We look for papers that contradict portrayals of a generic ‘farm’ and highlight particular connections that exists in the midst of other tensions. We welcome papers that challenge existing frames of ‘foreignization,” not limited to the following themes:
- Racial and ethnic formations of foreignization of farming
- Generativity of plantation-style farms and foreign-owned farms
- Personhood in transnational agriculture
- Financialization and capitalization of agriculture
- Migration and mobility of farm workers and farm owners
- Transnational land deals
- Internationalization of farming, farmers, and farm work
- Global lives of plants, seeds, labor, and animals
Please send abstracts (250 words max) with paper title and presenter information to Serena Stein (serenas@princeton.edu) and Andrew Ofstehage (aofste@live.unc.edu) by Friday, April 6. We will notify selected participants by Monday, April 9. Session participants must be registered AAA members and registered for the meeting by April 16.
References
Borras Jr., Saturnino M., Juan Liu, Zhen Hu, et al. 2018. Land Control and Crop Booms inside China: Implications for How We Think about the Global Land Rush. Globalizations 15(1): 134–151.

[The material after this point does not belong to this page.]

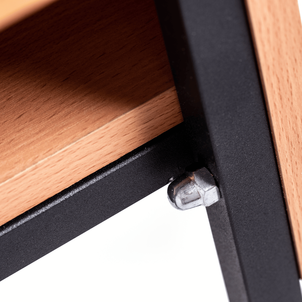 - Blat din PAL melaminat: Suprafața de lucru este fabricată din PAL melaminat, un material recunoscut pentru rezistența sa la uzură și ușurința în curățare.

Fairbairn, Madeleine 2014 “Like Gold with Yield”: Evolving Intersections between Farmland and Finance. Journal of Peasant Studies 41(5): 777–795.
Haraway, Donna. 2015. “Anthropocene, Capitalocene, Plantationocene, Chthulucene: Making Kin.” Environmental Humanities 6 (1): 159–65.
Oliveira, Gustavo. 2018 Chinese Land Grabs in Brazil: Sinophobia and Foreign Investments in Brazilian Soybean Agribusiness. Globalizations 15(1): 114-133.
Ong, Aiwa. 1999 Flexible Citizenship: The Cultural Logics of Transnationality. Durham: Duke University Press.
Sauer, Sérgio, and Sergio Pereira Leite. 2012 Agrarian Structure, Foreign Investment in Land, and Land Prices in Brazil. Journal of Peasant Studies 39(3-4): 873–898.